The threshold issue we address is whether the identifications made by witnesses at a postindictment, prearraignment corporeal viewing of the then unrepresented defendant should have been excluded where defendant, in the absence of counsel, orally waived his right to have an attorney present at the lineup.

The order of the Appellate Division affirming the conviction should be reversed. The filing of an indictment constitutes the commencement of a formal judicial action against the defendant and is equated with the entry of an attorney into the proceeding. This being the case, a defendant in a postindictment, prearraignment custodial setting, even though not then represented by an attorney, may not in the absence of counsel waive his right to have counsel appear at a corporeal identification. Hence, any actions taken by the police with respect to an indicted but unarraigned defendant which impinge upon his right to counsel may not be used against him at trial.

The facts are uncomplicated and undisputed. On the night of March 9, 1974, two men robbed a bar, its manager and one of its patrons in Queens County. Responding to a radio call, two police officers arrived at the location just as one of the perpetrators was leaving the scene. In an exchange of gunfire one of the officers was fatally wounded, and his partner, after giving chase, soon lost sight of the suspect. Fortunately, later that night the police were directed to proceed to the apartment of Boalds' common-law wife. After receiving permission to enter and search the premises, they discovered fruits of the earlier robbery, clothes apparently worn by the perpetrators and a gun which later proved to be the weapon which fired the fatal shots. Also in the apartment were Boalds and the defendant. While Boalds was immediately placed under arrest, defendant was merely brought to a police station for further investigation and was released the following morning.

On May 1, 1974, the Queens County Grand Jury returned an indictment charging defendant and Boalds with two counts of murder, two counts of robbery and another of possession of a dangerous weapon arising out of the events of the night of March 9. At that time, however, defendant could not be found and a warrant was issued for his arrest. He was later apprehended and placed in custody in Atlanta, Georgia, and was returned to New York on August 14, 1974. Immediately upon his arrival, defendant was transported to the 113th Precinct in order that he be placed in a lineup. Although not advised that he was under indictment, defendant was given his four-fold Miranda warnings (Miranda v. Arizona, 384 U.S. 436, 86 S.Ct. 1602, 16 L.Ed.2d 694), whereupon he agreed to appear in the lineup without an attorney present. Of the five individuals who were present in the bar on the night of the crimes and who viewed the lineup, two were able to identify defendant as one of the perpetrators.

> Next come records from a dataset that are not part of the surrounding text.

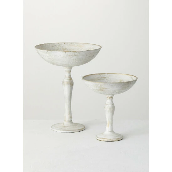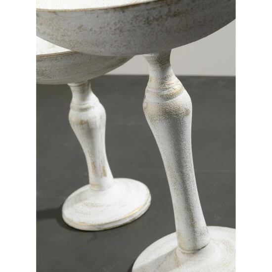 With a beautiful whitewashed finish, this set of two aluminum pedestals make the perfect containers. Great for by a door, in a bathroom, or next to you on a side table.
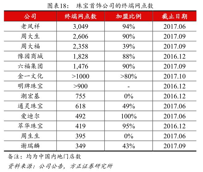 渠道充分下沉三四线,以央视国家品牌计划+门店快速铺设的方式抢占市场份额。公司瞄准正处于消费升级阶段的三四线消费客群,定位黄金珠宝国民品牌。公司入围了2017央视国家品牌计划,在央视投放的广告覆盖9.88亿人,起到良好的品牌宣传效果;此外,公司将借助各优质区域性品牌的资源和经验,在全国性品牌较少的三四线城市以加盟的方式进行快速的门店扩张,提前抢占市场,借助行业整合的契机提升市占率。
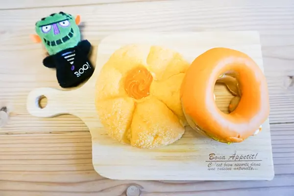 「かぼちゃクリームパン」と「もっちりとしたドーナツサンド(パンプキン&ホイップ)」
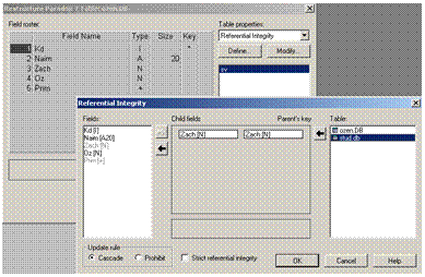 Для организации связи 2-х таблиц с помощью DataDesktop в окне задания структуры, когда в нем находится структура подчиненной таблицы (в нашем случае, ozen . db ), следует у списка Table properties (характеристики таблицы) выбрать значение Referential Integrity (ссылочная целостность), после чего определить Define связь. В открывшемся окне задаем характеристики связи таблиц, выбрав в левом окне поле для организации связи, в правом – имя требуемой таблицы (двойным щелчком мыши). Естественно, что количество выбранных полей из каждой таблицы и их типы должны совпадать .
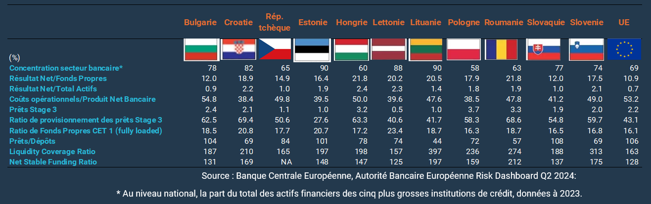 Le secteur bancaire en ECE représente une proportion relativement restreinte des actifs bancaires de l'Union européenne (UE), comptant pour environ 5 %18 du total à la fin juin 2024. La Pologne et la République tchèque en forment les plus grands contributeurs. Les banques d'ECE constituent selon nous un cas d'investissement attrayant, du fait de leur inclusion dans des économies émergentes européennes en croissance mais qui bénéficient de l'adhésion à l'UE et de son cadre institutionnel. Nous considérons que les systèmes bancaires d'ECE sont rentables, bien capitalisés, qu’ils profitent d’une qualité d'actif adéquate, globalement en ligne avec celle des banques périphériques européennes, et qu’ils disposent de dépôts domestiques stables comme source de financement. La contrepartie à ces atouts provient de risques spécifiques, parmi lesquels l'instabilité politique dans certains pays et des risques géopolitiques, notamment pour les États baltes. De plus, dans certains pays comme la Pologne et la Hongrie, l’intervention du gouvernement dans le secteur bancaire a conduit à des mesures visant à protéger les emprunteurs, ce qui a exercé une pression sur la rentabilité des banques. Néanmoins, la grande majorité des banques a absorbé ces mesures et elles y demeurent rentables.
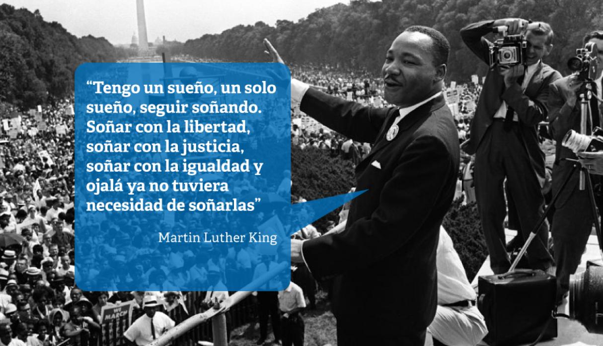 Martin Luther King, Jr. fue un pastor estadounidense de la Iglesia bautista que desarrolló una labor crucial en Estados Unidos al frente del movimiento por los derechos civiles para los afroestadounidenses y que, además, participó como activista en numerosas protestas contra la Guerra de Vietnam y la pobreza en general.
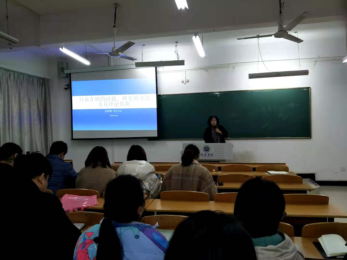 12月1日下午,教育学院金美福教授为青年教师作了题为《目前在研的问题、研究的方法及其理论依据》的学术报告。教育学院青年教师聆听了报告。
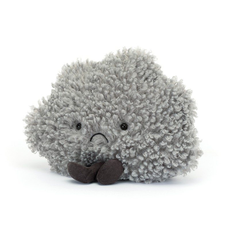 Our Jellycat Amuseable Storm Cloud might look overcast, but everyone who sees this fluffy grump smiles! With tufty grey fleece, charcoal cord boots, embroidered frown and beany base, this cloud has hugs for gloomy days.
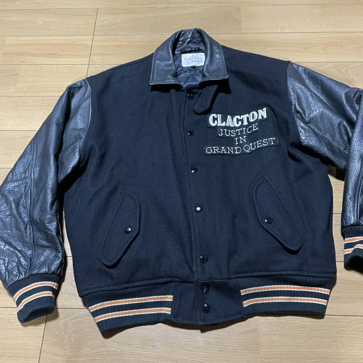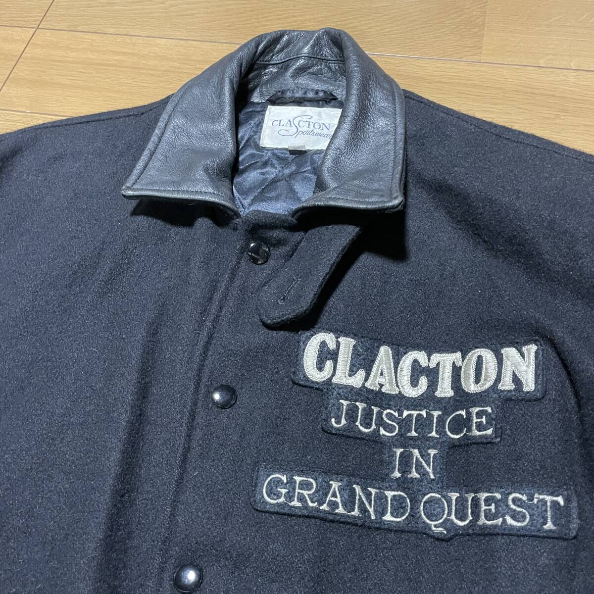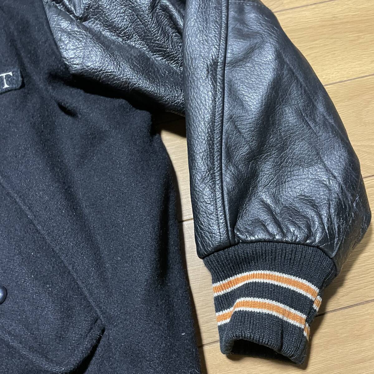 T-12 ●CLACTON サイズ38/黒!袖革=リアルレザー(裏キルティング)スタジャン●
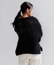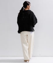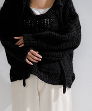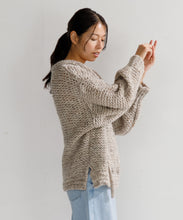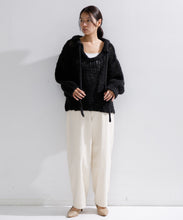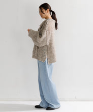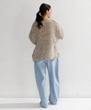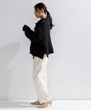 丸編みのドロストを使い甘く編んだプルオーバー。ニットはシワになりにくく持ち運びの楽さが強みなので、秋口はアウター的存在として、冬にはインナーに軽いダウンを着用してコート代わりにもおすすめで、いろいろな着方を楽しめます。

In this State, the right of a criminal defendant to interpose an attorney between himself and the sometimes awesome power of the sovereign has long been a cherished principle. As early as 1777 (N.Y.Const. of 1777, art. XXXIV), it had been recognized that even the most intelligent and educated layman lacks the skill and knowledge of the legal system to adequately prepare a defense, no matter how strong it might be (see People ex rel. Burgess v. Risley, 66 How Pr. 67). This need, moreover, has been recognized as all the more vital with respect to the unsophisticated, who are often uneducated in the ways of the criminal justice system and unaware of the role counsel can play in protecting their interests. "There has been no time in the governmental history of this State when the court lacked the power to assign counsel for the defense of indigent persons charged with crime" (People ex rel. Acritelli v. Grout, 87 App.Div. 193, 195-196, 84 N.Y.S. 97, 99, affd. on opn. of App.Div. 177 N.Y. 587, 70 N.E. 1105). When a person charged with a crime has been unable to engage counsel because of financial circumstances, it has long been the duty of the court before whom he is brought to assign counsel (see People v. Thompson, 205 App.Div. 581, 582, 199 N.Y.S. 868, 869). Indeed, the law has provided for free legal representation of the poor in criminal cases (see, generally, County Law, art. 18-A, as enacted by L.1961, ch. 365, § 2, as amd.; see, also, Code Crim.Pro., § 308, as enacted by L.1881, ch. 504, § 308, as amd.) well before Gideon v. Wainwright, 372 U.S. 335, 83 S.Ct. 792, 9 L.Ed.2d 799 (1963). In short, we recognize that the assistance of counsel is essential not only to insure the rights of the individual defendant but for the protection and well-being of society as well. The right of any defendant, however serious or trivial his crime, to stand before a court with counsel at his side to safeguard both his substantive and procedural rights is inviolable and fundamental to our form of justice (see People v. Donovan, 13 N.Y.2d 148, 151, 243 N.Y.S.2d 841, 842, 193 N.E.2d 628, 629).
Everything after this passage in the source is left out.